Exercise material
╔══
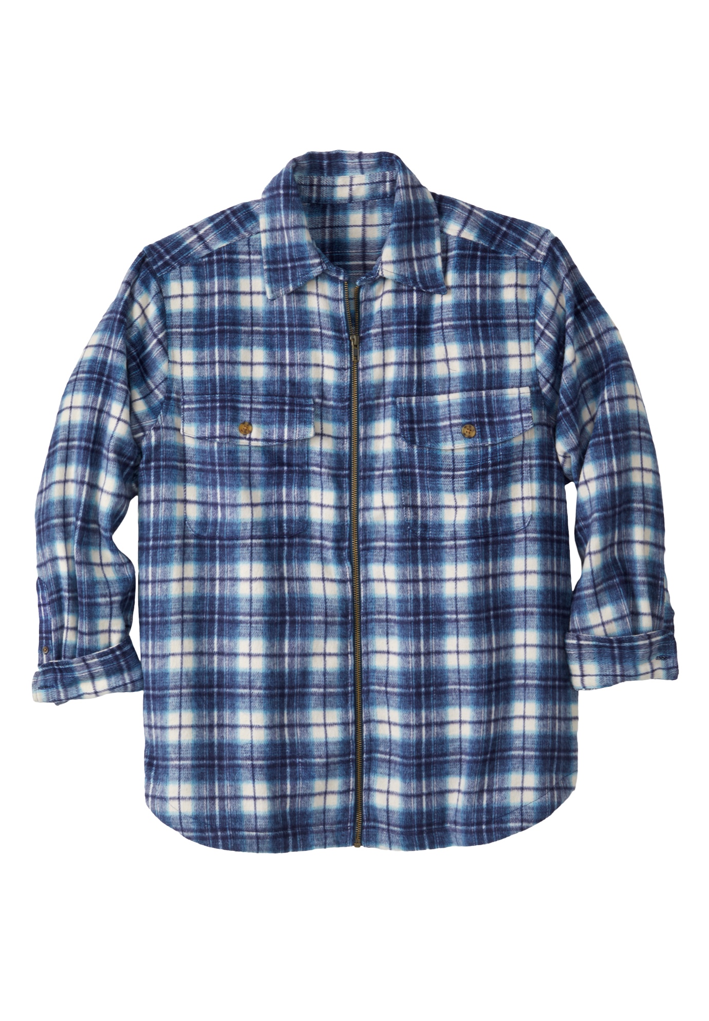 Men's Big & Tall Brawny Zip Up Shirt Jacket by KingSize in Navy Plaid (Size 4XL)
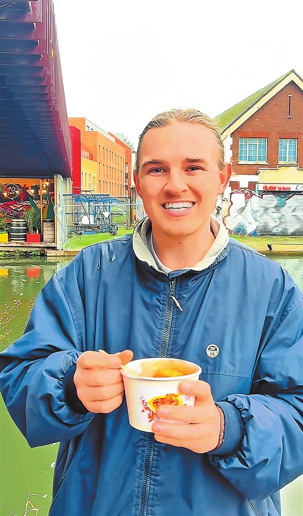 每天走进店里的,大多是留学生。他们从英国各地赶来,只为一解乡愁。也有不少慕名而来的外国人,刘小超总会热情招呼:“伦敦常年下雨,又湿又冷,来吃一碗火辣的胡辣汤吧,保准让你从头暖到脚,清爽无比!”
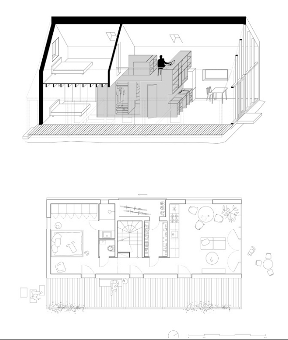 Интересное решение: Для увеличения полезной площади дом разделили на два уровня, при этом оставили открытую планировку, чтобы в любую из комнат или уединенный уголок проникал дневной свет, и жильцы могли любоваться природным пейзажем. Чтобы не загромождать жилое пространство мебелью и лишними перегородками, на нижнем уровне установили модульный блок, который и помог организовать несколько функциональных зон. Вместительный модуль, сделанный из дерева и фанеры, вмещает в себя лестничный пролет, ванную комнату, туалет, гардеробную, кладовую и является частью конструкции кухонного гарнитура, который сделали из обычной фанеры. Впрочем, как и вешалку у входа, и открытый стеллаж для книг и различных мелочей, и шкафчики с рабочим столом, которые установили на втором уровне.
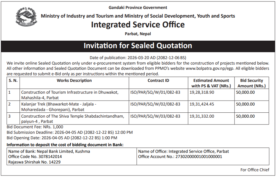 | 217 | kankai Municipality | Construction of Kushma Municipality Ward no. 12 Office Building Kushma-12, Parbat | 20/03/2026 | PPMO | 19/04/2026 | Click Here | |
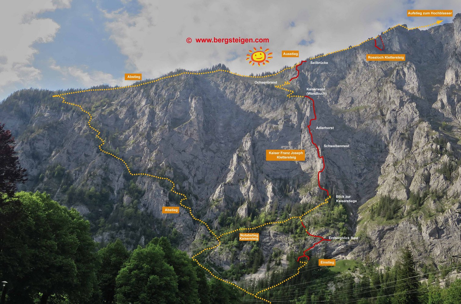 Wer nach dem Kaiser-Franz-Joseph-Klettersteig keine Kraft mehr hat, soll nicht hinunter zur Höhle klettern (unten gibt es keine Fluchtmöglichkeit, man muss also auf jeden Fall wieder aufsteigen und die Klettersteigpassagen sind deutlich schwerer als beim Kaiser-Franz-Joseph-Klettersteig !!!)
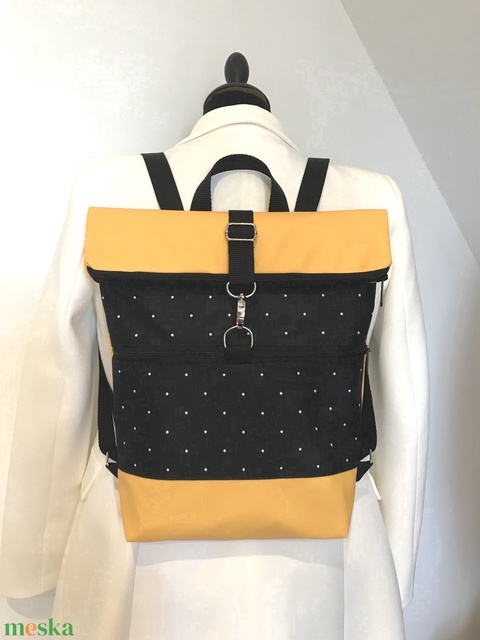 - Anyaga: táskamerevítő, pamutvászon, cipzár, heveder, fémszerelékek, vízálló szövet, textilbőr
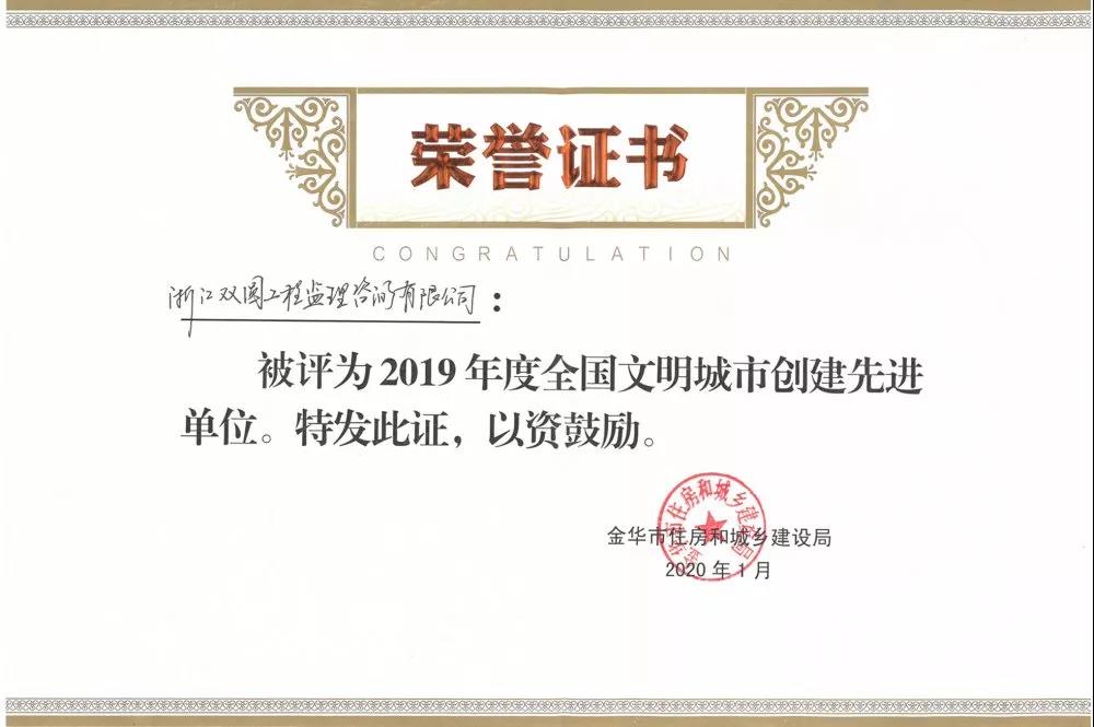 新年伊始,在金華市住房和城鄉建設局“2020中國夢·住建情”的職工文藝匯演表彰儀式上,浙江雙圓工程監理咨詢有限公司繼2018年度后再次被評為“全國文明城市創建先進單位”,公司姜桂軍董事長上臺領獎。...
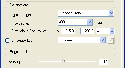 Per definire le impostazioni appropriate per la scansione di testi e disegni al tratto nel modo Professionale, attenersi alla procedura che segue. Tramite questa funzione, i contorni del testo e dei disegni al tratto vengono acquisiti e definiti in modo preciso. I testi definiti in modo preciso possono essere convertiti con affidabilità in dati di testo tramite il software OCR di riconoscimento ottico dei caratteri. Per informazioni dettagliate, vedere Scansione di documenti per la conversione di dati di testo (OCR).
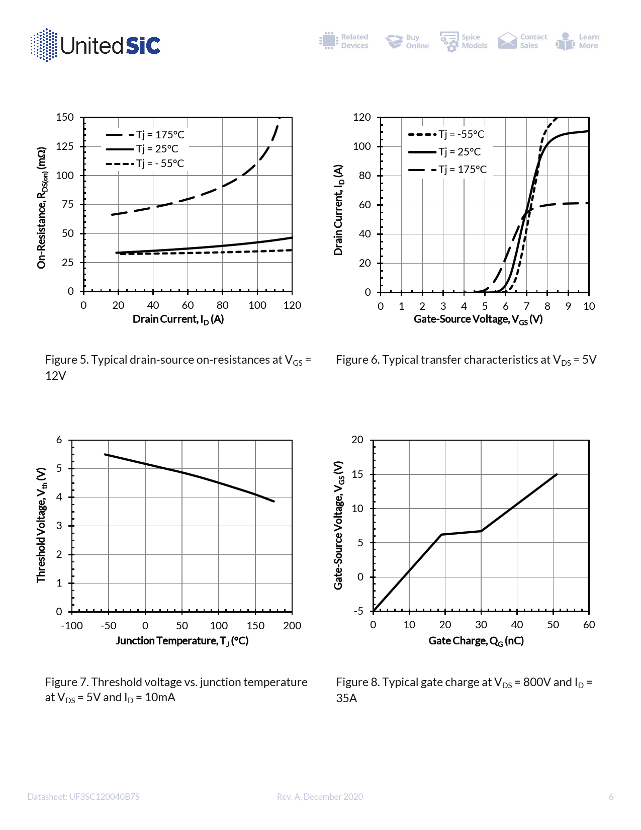 150 120 Tj = 175°C Tj = -55°C ) 125 100 W Tj = 25°C Tj = 25°C (m Tj = - 55°C ) Tj = 175°C n) A( o 100 80 (S I , D R D , nt e 75 c er 60 r ant Cu is s 50 n 40 e ai R r - D 25 On 20 0 0 0 20 40 60 80 100 120 0 1 2 3 4 5 6 7 8 9 10 Drain Current, ID (A) Gate-Source Voltage, VGS (V) Figure 5. Typical drain-source on-resistances at VGS = Figure 6. Typical transfer characteristics at VDS = 5V 12V 6 20 ) 5 V V ( 15 V th V GS , 4 , e e g g 10 lta lta o 3 o V V d ec ol r 5 h 2 s ou e S r - Th te 0 1 Ga 0 -5 -100 -50 0 50 100 150 200 0 10 20 30 40 50 60 Junction Temperature, TJ (°C) Gate Charge, QG (nC) Figure 7. Threshold voltage vs. junction temperature Figure 8. Typical gate charge at VDS = 800V and ID = at VDS = 5V and ID = 10mA 35A Datasheet: UF3SC120040B7S Rev. A, December 2020 6
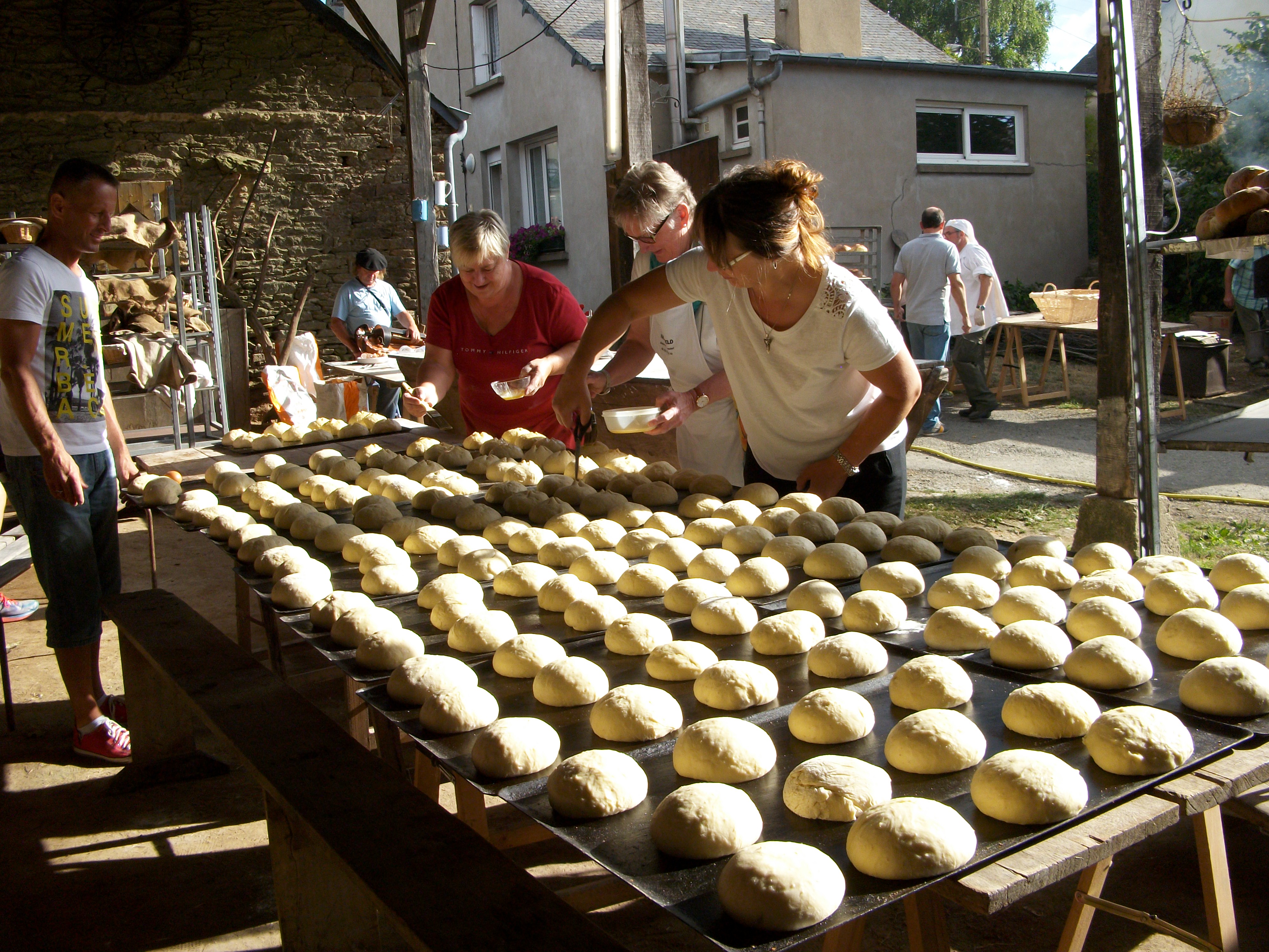 Malgré la barrière de la langue, nous nous comprenons et avons décidé au travers d’échanges annuels de partager cette passion. Chaque année jeunes et moins jeunes de nos deux pays aiment se retrouver pour animer conjointement deux fêtes franco-allemandes du Pain. La première en Bretagne chez nous à Plouguenast-Langast à la fin du mois d’août où quelques 2000 visiteurs apprécient notre travail d’équipe autour du pétrin et du four à pain. La seconde chez nos amis allemands se déroule à Eckarsthausen au printemps, où l’ancien four à pain du village est rallumé. Au programme de ces échanges : soirées galettes bretonnes, musique traditionnelle, chants, repas cuit au four à pain, fournées de spécialités locales (pains de seigle, pâtisseries allemandes, brioches au Chouchen, pains au levain) le tout cuit au four à bois.
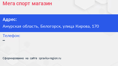 Мега спорт, магазин по адресу Амурская область, Белогорск, улица Кирова, 170 в дальнейшем Организация, размещена в следующих категориях:
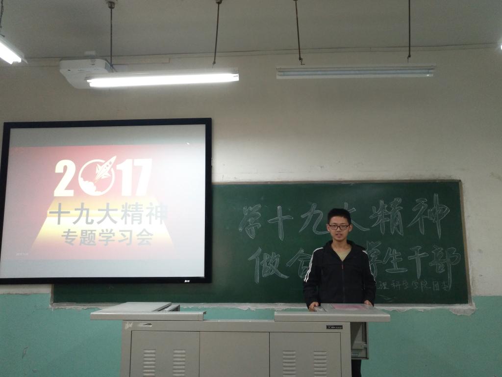 为学习宣传十九大精神,加强学院团委学生会思想建设,努力打造一支讲政治、有信念、有本领、有担当、有作为的学生干部队伍,2017年11月5日下午3点,我院团委学生会在04205教室举行了十九大精神专题学习会,院团委副书记王亚婷、学生团委副书记韩雨池、王念以及全体学生会干部共同进行了学习与交流。
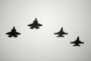 FILE PHOTO: Two F-16 and two F-35 fighter jets return to air base Flyvestation Skrydstrup after patrolling around Denmark at low altitude, as the Danish air base officially receives four F-35 fighter jets on October 1, 2023. Ritzau Scanpix/Bo Amstrup via REUTERS/File Photo
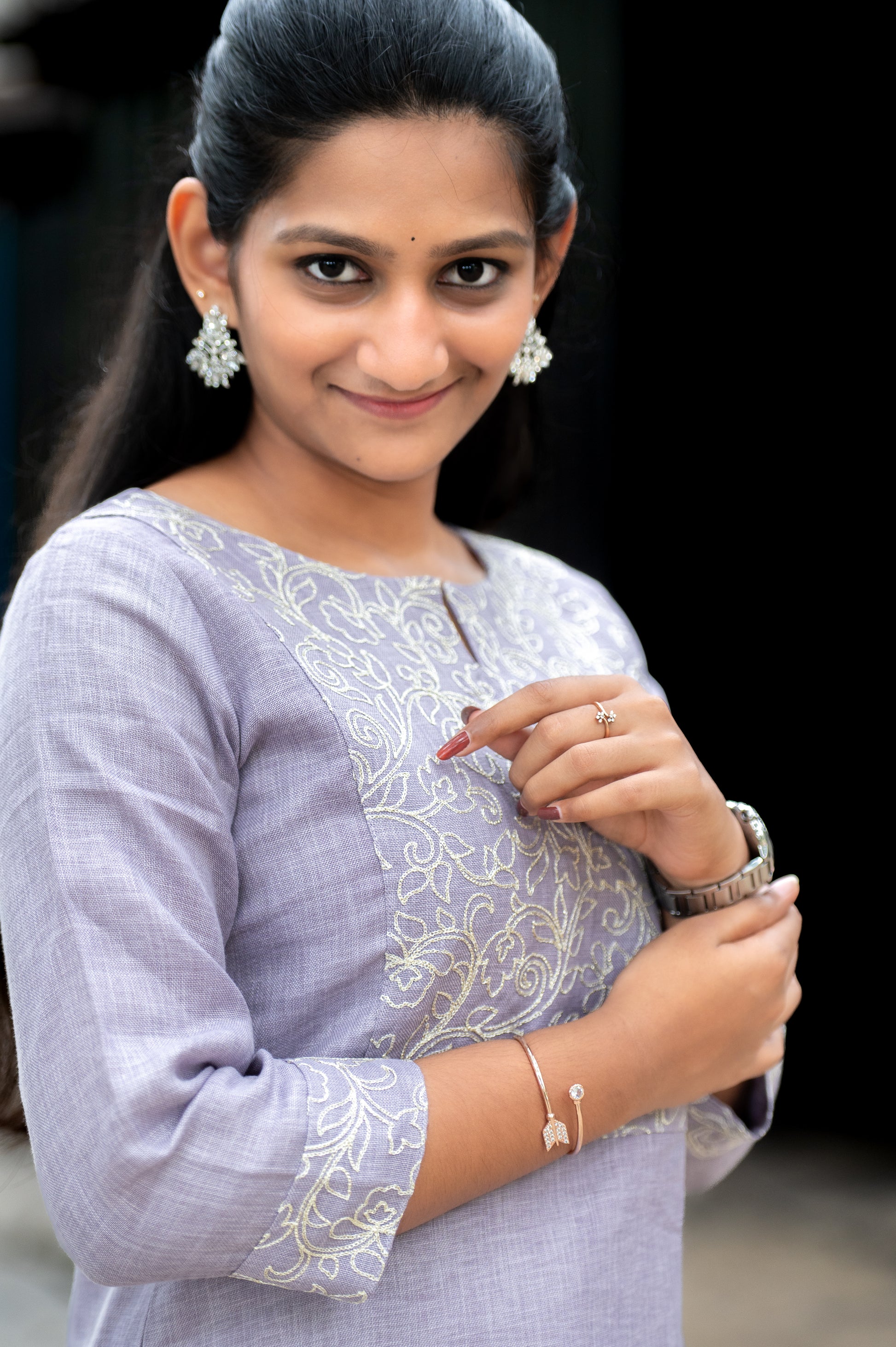 Soothing lavender with delicate white embroidery and subtle undertones of lilac.
╚══
Copy exactly, and copy nothing else: the lines from the start of the data above through the line that holds "每天走进店里的,大多是留学生". The pictures stay out.

 Men's Big & Tall Brawny Zip Up Shirt Jacket by KingSize in Navy Plaid (Size 4XL)
 每天走进店里的,大多是留学生。他们从英国各地赶来,只为一解乡愁。也有不少慕名而来的外国人,刘小超总会热情招呼:“伦敦常年下雨,又湿又冷,来吃一碗火辣的胡辣汤吧,保准让你从头暖到脚,清爽无比!”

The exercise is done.